Statistical analysis
Results were expressed as means ± SD of replicates. Comparison between data sets was performed using one way analysis of variance (ANOVA) followed by Student's t-test. All statistical analyses were performed using GraphPad Prism 5.0 (GraphPad Software Inc., San Diego, CA). Differences were accepted as statistically significant at p < 0.05.
Results
Cytotoxicity screening on Panc-1 cells
An initial screen of fifty-six extracts was performed on the Panc-1 cell line using the PC biosensor-based cell attachment assay. Biosensor images of representative individual wells of a 384-well biosensor microplate before and after treatment are shown in Figure 1. Here, the PWV shift as a function of position is represented as a false color image in which each pixel represents a 6.4 μm × 6.4 μm region of the sensor surface. Figure 1a shows the PWV shift images of an untreated control well taken before and after the treatment period. Figures 1b-c show PWV shift images of the two positive control wells, DOX and Curcumin, taken before and after the treatment period. Figure 1d shows PWV shift images of cells treated with P. punctata (No. 34) where nearly 100% cell death was observed. Finally, Figure 1e shows PWV shift images of cells treated with A. glabra (No. 11) where the extract enhanced cell proliferation. Using the thresholding method, the number of cells in each well after the initial seeding period was determined from the top PWV shift image. After the treatment period, cell counts for each well were obtained from the bottom PWV shift image and counts from treated wells were compared against those from untreated control wells present on the same plate. The data from PWV shift images of the 56 extracts were converted into cell survival fractions relative to untreated wells as shown in Figure 2. Twenty-two of the plant extracts induced over 50% death of Panc-1 cells at a treatment concentration of 100 μg/mL (Table 1). The top nine cytotoxic extracts induced over 80% cell death.
Cytotoxicity assay on two additional cancer cell lines and one fibroblast cell line
The nine extracts identified in the PC-based screen were then tested using the MTT assay on the Capan-1, and MIA cell lines, in addition to the Panc-1 cells. Four of these extracts (Nos. 4, 6, 34, 41) induced over 50% death in the MIA and Capan-1 cell lines (Figure 3). The three most potent extracts identified - P. punctata (No. 34), A. sessilis (No. 4), and A. chittagonga (No. 6) - were found to induce over 70% cell death in all three cell lines. Dose response studies of these three extracts on three cancer cell lines and one fibroblast cell line (Hs68) are presented in Figure 4 and IC50 values are summarized in Table 2. The P. punctata extract had IC50 values of 20.34 μg/mL, 24.97 μg/mL, and 31.39 μg/mL for Panc-1, MIA, and Capan-1, respectively.
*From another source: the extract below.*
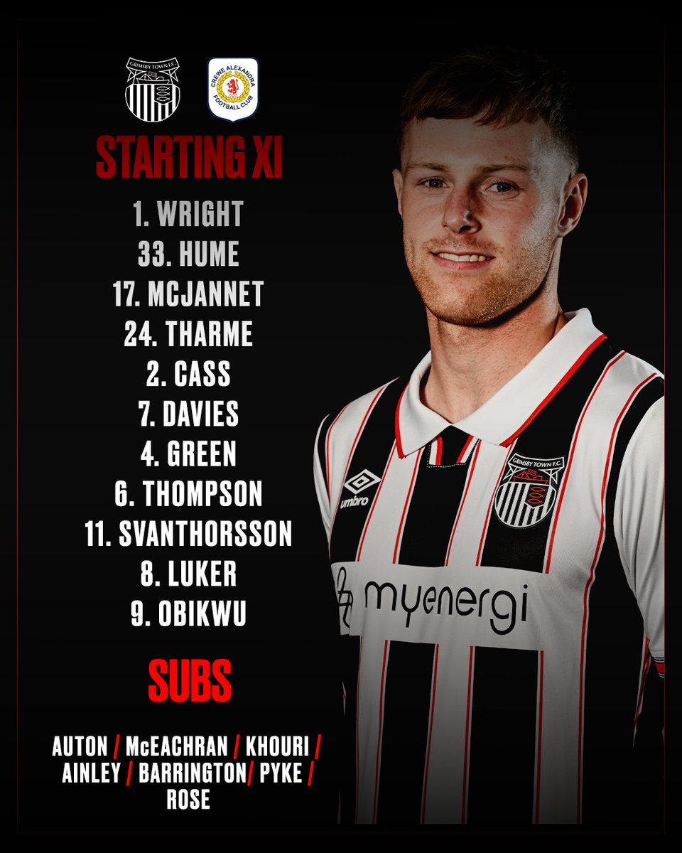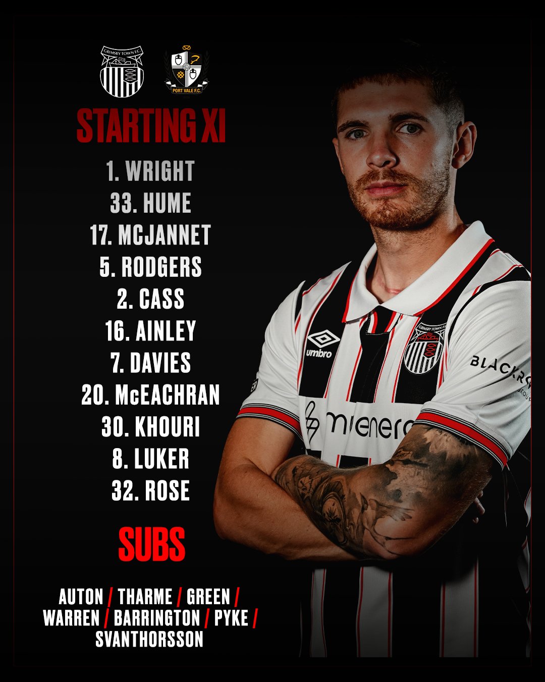 Grimsby (4-3-3): 1. Jordan Wright – 2. Lewis Cass, 5. Harvey Rodgers, 17. Cameron McJannet, 33. Denver Hume – 4. Kieran Green (7. Jordan Davies 83′), 20. George McEachran, 30. Evan Khouri – 8. Jayden Luker (14. Luca Barrington 83′), 22. Cameron Gardner (32. Danny Rose 59′), 16. Callum Ainley (11. Jason Dadi Svanthorsson 68′). Innbyttere: 15. Rekeil Pyke, 24. Doug Tharme, 41. Seb Auton.

However, this extract was also toxic to Hs68 cells with an IC50 value of 25.81 μg/mL. Similarly, the A. sessilis (No. 4) extract showed high cytotoxicity to the cancer cell lines with IC50 values in the 13.08 μg/mL - 34.92 μg/mL range but limited selectivity. In contrast, A. chittagonga (No.6) showed high cytotoxicity to all cancer cells (IC50 of 42.8 μg/mL - 49.8 μg/mL) and low cytotoxicity to the fibroblast cells (IC50 > 100 μg/mL)
Table 2.
Cell line | IC50 (μg/mL) | ||
---|---|---|---|
P. punctata (No. 34) | A. sessilis (No. 4) | A. chittagonga (No. 6) | |
Panc-1 | 20.34 ± 13.99 | 27.19 ± 3.01 | 48.60 ± 4.59 |
MIA | 24.97 ± 4.59 | 13.08 ± 10.40 | 42.79 ± 5.88 |
Capan-1 | 31.39 ± 2.91 | 34.92 ± 2.20 | 49.82 ± 11.60 |
Hs68 | 25.81 ± 0.44 | 32.82 ± 10.74 | > 100 |
Mean ± S.D. values of two or more independent trials are reported below.
Extract induces apoptosis
Caspase-3 activation is a crucial component in the apoptotic signaling cascade. Although P. punctata (No. 34) was not selectively cytotoxic to pancreatic cancer cells, we were interested to see if the observed high cytotoxicity to Panc-1 cells treated with P. punctata was mediated via apoptosis. To further elucidate the mechanism of cell death induced by P. punctata, a caspase-3 colorimetric assay was conducted to establish the levels of caspase-3 activation both before and after treatment with the extract. The results of this experiment show that treatment of Panc-1 cells with P. punctata strongly induces increased caspase-3 activity (Figure 5a).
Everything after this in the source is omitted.